Argentine Ambassador to Ireland
- In office 2016 – 26 April 2020
- Succeeded by: Moira Wilkinson

Personal details
- Born: 1956 Argentina
- Died: 26 April 2020 (aged 63–64) Rathmines, Dublin, Ireland
- Resting place: Foxford, County Mayo, Ireland
- Occupation: Diplomat

= Laura Bernal (diplomat) =

Argentine diplomat (1956–2020)

Laura Bernal (1956 – 26 (Note: The Irish Times gave her date of death as 27 April. However, other sources — including the subject's own death notice — gave her date of death as 26 April.) April 2020) was an Argentine diplomat. She served as Argentina's ambassador to Ireland from 2016 until her sudden death in 2020. She was present in the country for her compatriot Pope Francis's visit to Ireland as part of World Meeting of Families 2018.

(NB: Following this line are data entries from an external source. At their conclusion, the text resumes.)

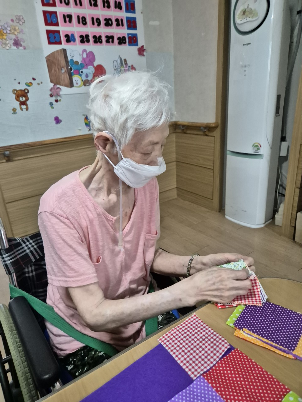다양한 무늬의 색깔천을 매트위에 올려 나만의 멋진 디자이너
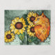 Cartão Postal Girassóis Ginger Maine Coon Cat
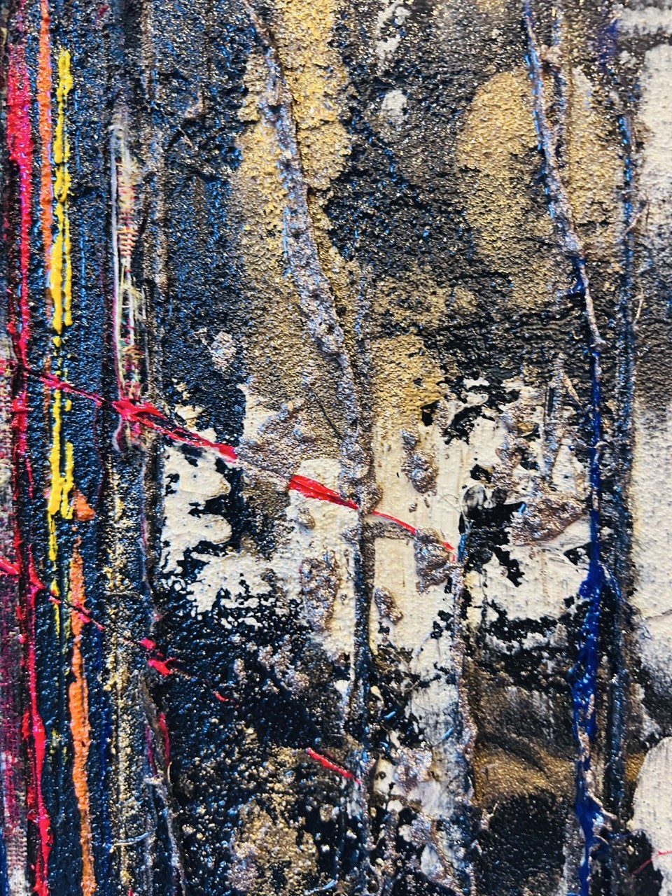 Des buildings verticaux, dressés comme des piliers implacables, inscrivent sur la toile la hauteur, la densité, l’étouffement. Le temps y est encapsulé, suggéré par des lignes verticales, rigides et répétées – comme une mesure sans fin.
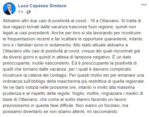 Questo quanto pubblicato sulla pagina facebook del Sindaco Capasso:
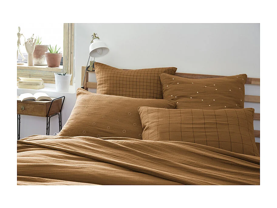 Taie d'oreiller brodée double gaze de coton marron 50x70 cm
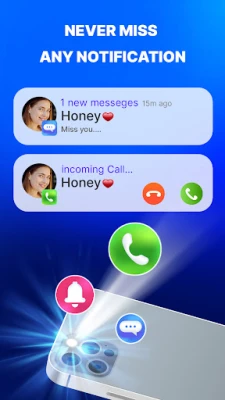 Never miss an important notice again. Get instant flash alerts that light up your phone for calls, SMS, and app notifications. Flashlight when incoming call and text feature is perfect for silent or noisy environments.
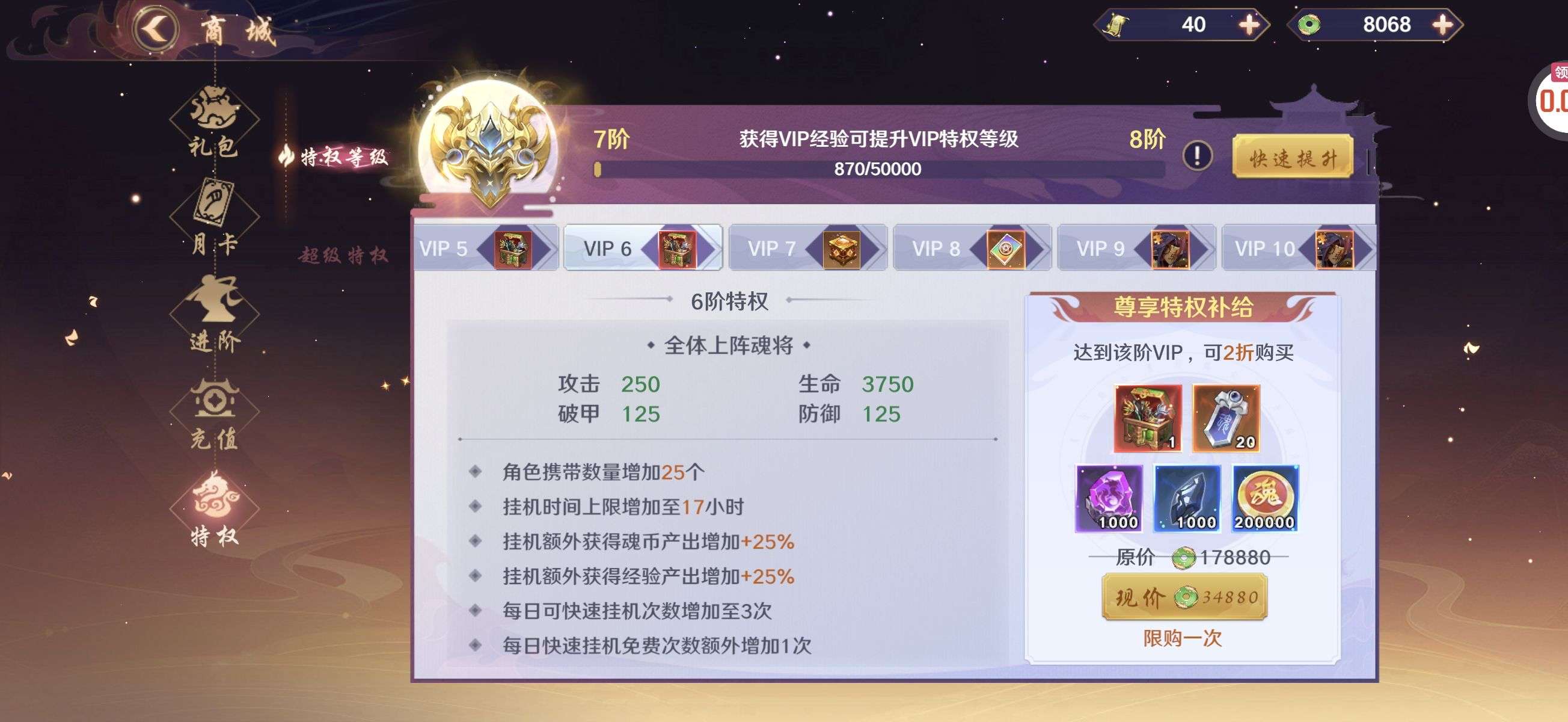 夺宝券*1、比武令*1、5星随机将魂*10(每个账号限领一次)
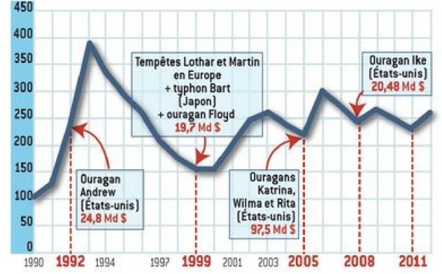 Enfin, l’augmentation du niveau de vie, permet à une partie de la population d’acquérir de plus en plus de biens ou de construire des résidences secondaires dans des régions exposées au risque, comme sur la côte Atlantique. Par conséquent, la réalisation d’un risque climatique impacte les assureurs de manière importante. Ils doivent régler des indemnités dont la facture totale s’élève parfois à des milliards de dollars. Par exemple, l’ouragan Andrew qui a touché les Etats-Unis, en 1992, a coûté plus de 32 milliards dont près de 17 milliards de dollars a été supportés par les assureurs. En Europe, la tempête Emma, qui a balayé le Nord-est de l’Europe en 2008, a couté aux assureurs 1milliard euros. En tout depuis les années 1980, les aléas climatiques sévères ont couté environ, 1600 milliards de dollars de dégâts dans le monde, dont 22 milliards de dollars pour les assureurs(65).
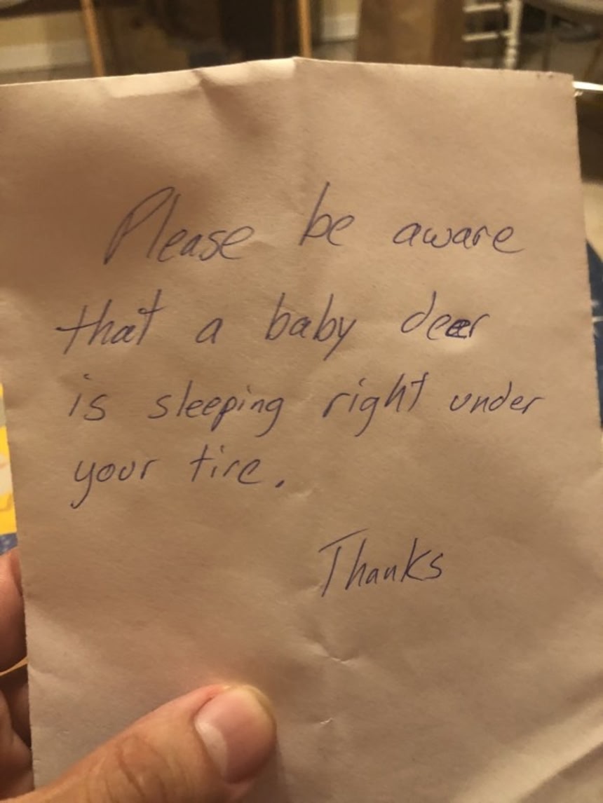 1.両親の家の隣に住む素敵な高齢女性が玄関先に残したメモ。そこには「お宅の車のタイヤの傍に鹿の赤ちゃんが眠っているので気を付けてあげてね」と書かれてあった。
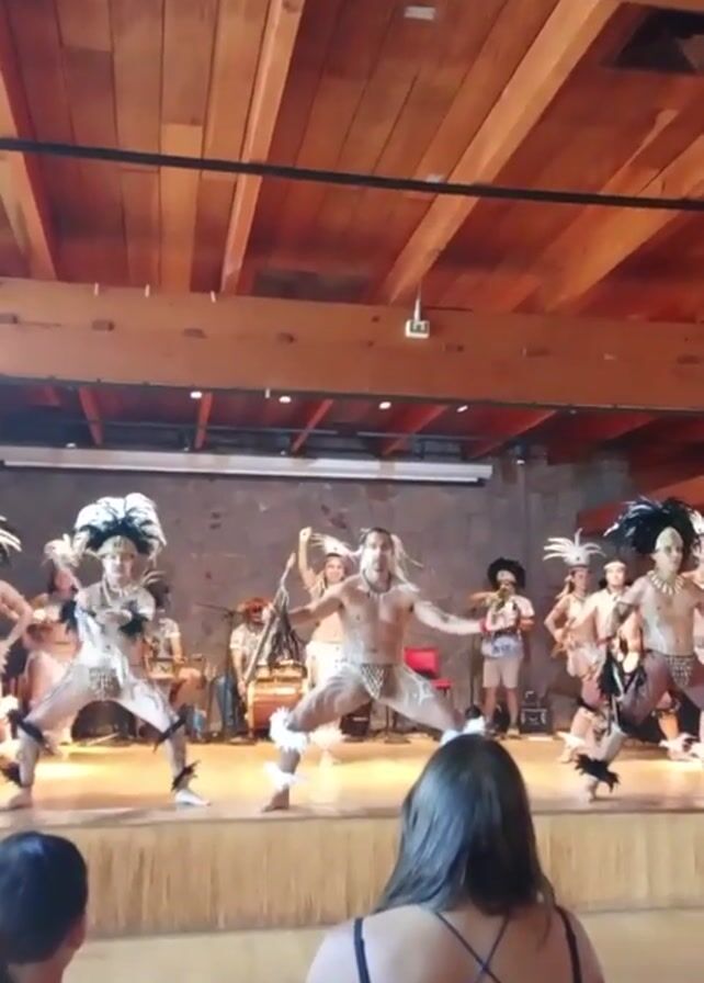 A mid-shot video shows a group of people performing a tribal dance on a stage. The stage is wooden and is set against a stone wall. In the background, a group of musicians is visible, playing instruments such as drums, guitars, and an accordion. The dancers, mostly shirtless men, are wearing white tribal costumes with feathered headdresses and ankle decorations. Their bodies are painted with white designs. They are performing energetic dance moves, with some holding wooden spears. The audience is partially visible in the foreground, mainly the backs of their heads. The room has a wooden ceiling and is well-lit. The camera is mostly static, but there is some slight movement and zooming in on the dancers.
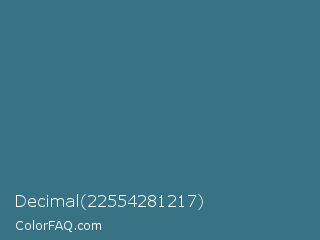Decimal 22554281217 Color is a normal blue color and the nearest color is Teal Blue #367588. Hex code #387385 and RGB value is rgb(56,115,133). In RGB color space, this color is composed of 22% red, 45% green, 52% blue, In CMYK color space, this color is composed of 58% cyan, 14% magenta, 0% yellow , 48% black , In HSL color space, this color has a hue angle of 194° , 41% saturation and 37% lightness.
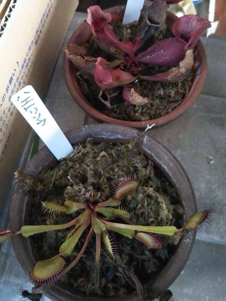 ハエトリソウとサラセニアです。日本海側暴風雨警報発令中❗️午前中の晴れ間見計らい、囲いからとってきました。初めての年越しに😀成功したみたいです。(buKkieさんのお陰です)たぶん生きてると思います。植え替えしようと思たが、駐車場の囲いの作業所は、風🌀通し良すぎる建物、今日はここに待避して、外の天気見ながらやります。
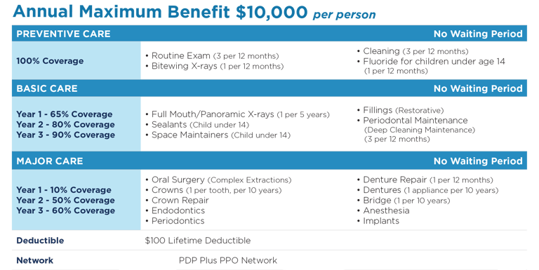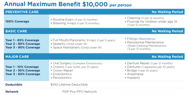 A summary of benefits for our Primary dental and vision provider for coverage starting on Day One
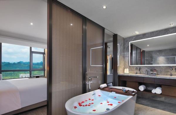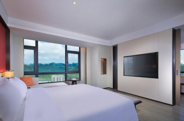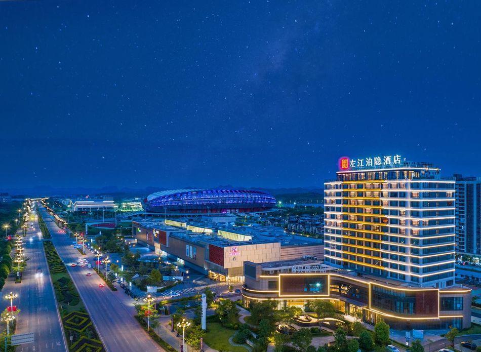 酒店坐落于崇左市城南新区,毗邻融创ins park、体育中心旁,正面纵览喀斯特地貌风光;距离高速路入口5分钟车程,距离崇左南站、太平古城15分钟车程;酒店集住宿、餐饮、会议、康体、休闲等配套设施为一体,入住泊隐,体验骆越文化与东方美学的完美融合,感受水山间的惬意,泊隐酒店欢迎您!
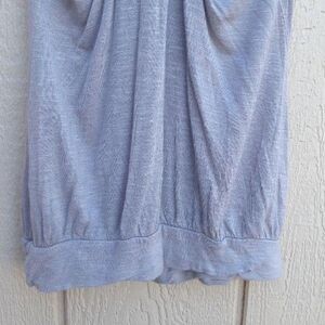 Tan taupe Boho lace racerback tank with flower embroidered appliques accenting scoop neck lightweight gathered material and elastic waistband by Shelly.
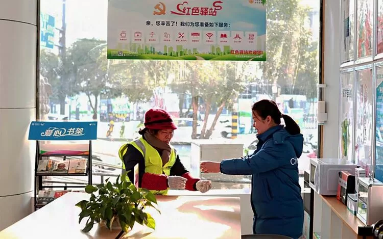走进湖北省咸宁市温泉路移动营业厅,免费饮用水、手机充电插排、爱心雨伞、便民药箱等爱心设施有序陈列。“我已经干了20多年的环卫保洁工作,每年冬天寒潮来临的时候就很难熬。现在有了红色驿站,渴了、累了可以到这儿来喝水、休息,感到特别暖心。”来营业厅补充“能量”的沈阿姨乐呵呵地说道。
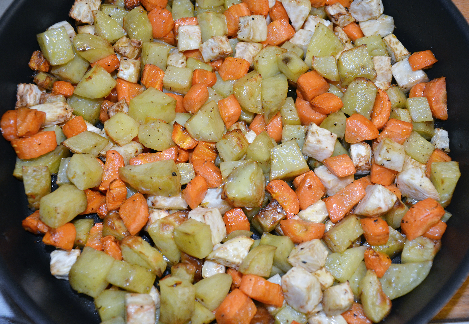 Приготовление Нарежьте кубиком морковь, корень сельдерея и картофель. Полейте хорошо оливковым маслом, приправьте солью, перцем и цедрой лимона. Положите рядом чеснок и запекайте при температуре 190 градусов 15 минут под фольгой. Затем достаньте чеснок, а остальное запекайте еще 15 минут без фольги.
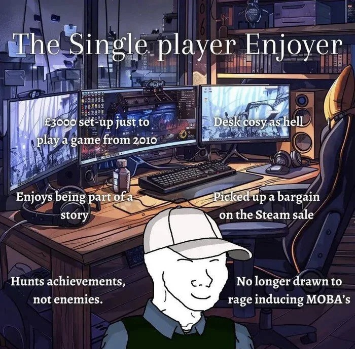 No I'm just old. I'm 35 and my days of MW2 and CS are over. I don't have it in me to stay up until 4AM drinking with friends. 95% of my gaming is single player horror, 4% is shit like L4D, DBD or some other multiplayer horror and the rest is whatever looks good.That pic is literally me but 2 monitors and a 4070ti Super/R9 9700X3D build so I don't think it was $3,000 but its very cozy
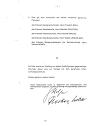 - 4 - ., 5. Dies gilt auch hinsichtlich der hierbei wiederholt genannten Personen: den früheren Kanzleramtsminister, Herrn Friedrich BOHL, d_en früheren Staatssekretär, Herrn Manfred CARSTENS, den früheren Verkehrsminister, Herrn Günter KRAUSE, den früheren CDU-Schatzmeister, Herrn Walter LEISLER-KIEP I den früheren Ministerpräsidenten von Sachsen-Anhalt, · Herrn Werner MÜNCH. c',· 111. Ich bitte vorerst um Erteilung von sieben Ausfertigungen gegenwärtiger Urkunde, davon eine zur Vorlage bei dem genannten Unter- suchungsausschuss. Kosten gehen zu meinen Lasten. \ Diese Niederschrift wurde in Gegenwart der Urkundsperson dem Erschienenen vorgelesen, vo genehmigt und eigenhändig unterschrie- ben. 303
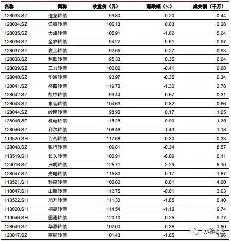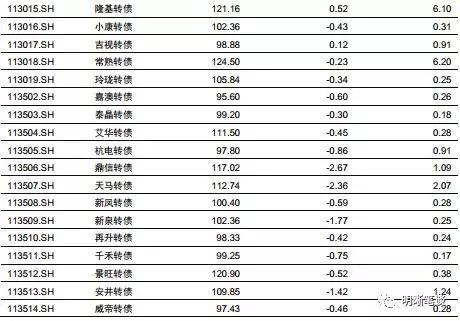 2月19日转债市场,平价指数收于92.22点,下降0.25%,转债指数收于110.78点,下降0.44%。121支上市可交易转债,除江南转债、长证转债横盘外,29支上涨,90支下跌。其中维格转债(6.13%)、万顺转债(2.72%)、横河转债(1.79%)领涨,鼎信转债(-2.67%)、天马转债(-2.36%)、洲明转债(-2.29%)领跌。121支可转债正股,除中化岩土、兄弟科技、常熟银行、海印股份、江南水务、维格娜丝横盘外,45支上涨,70支下跌。其中,格力地产(7.10%)、横河模具6.44%)、蓝盾股份(4.97%)领涨,济川药业(-7.10%)、鼎信通讯(-6.17%)、三一重工(-3.03%)领跌。
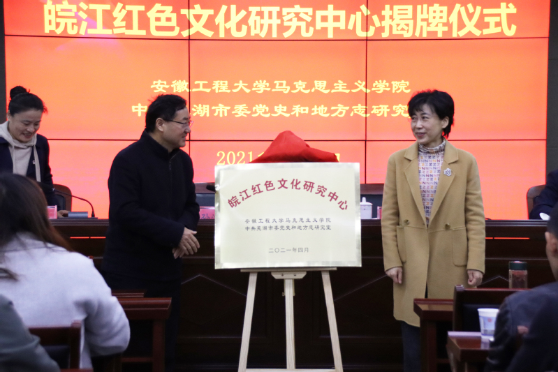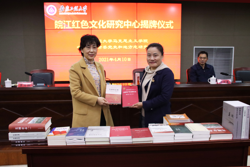 在全场的热烈掌声中,孙浩然和刘萍共同为“皖江红色文化研究中心”揭牌。吴月红与刘萍分别代表双方单位签订了《皖江红色文化研究中心合作共建协议书》及《党支部共建协议》。刘萍代表市委党史和地方志研究室向皖江红色文化研究中心赠书。
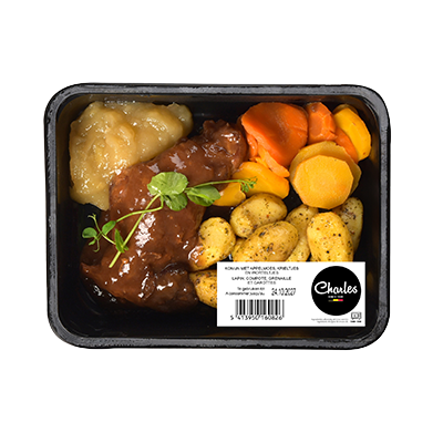 )Délicieux lapin à la façon de grand-mère avec de douces prunes, servi avec des pommes de terre rissolées dorées, une compote de pommes onctueuse et de savoureuses carottes. Un classique chaleureux et authentique, comme à la maison.

Bernal was from Buenos Aires. She died at her Rathmines home on 26 April 2020 and was found post-mortem to have contracted COVID-19. At the request of her sister and due to the COVID-19 pandemic in the Republic of Ireland, Bernal's body was not repatriated. Her funeral took place on 15 May at St Michael's parish church in Foxford and she was buried afterwards at nearby Craggagh Cemetery. Foxford is where Admiral William Brown (who founded the Argentine Navy) was born, hence this choice.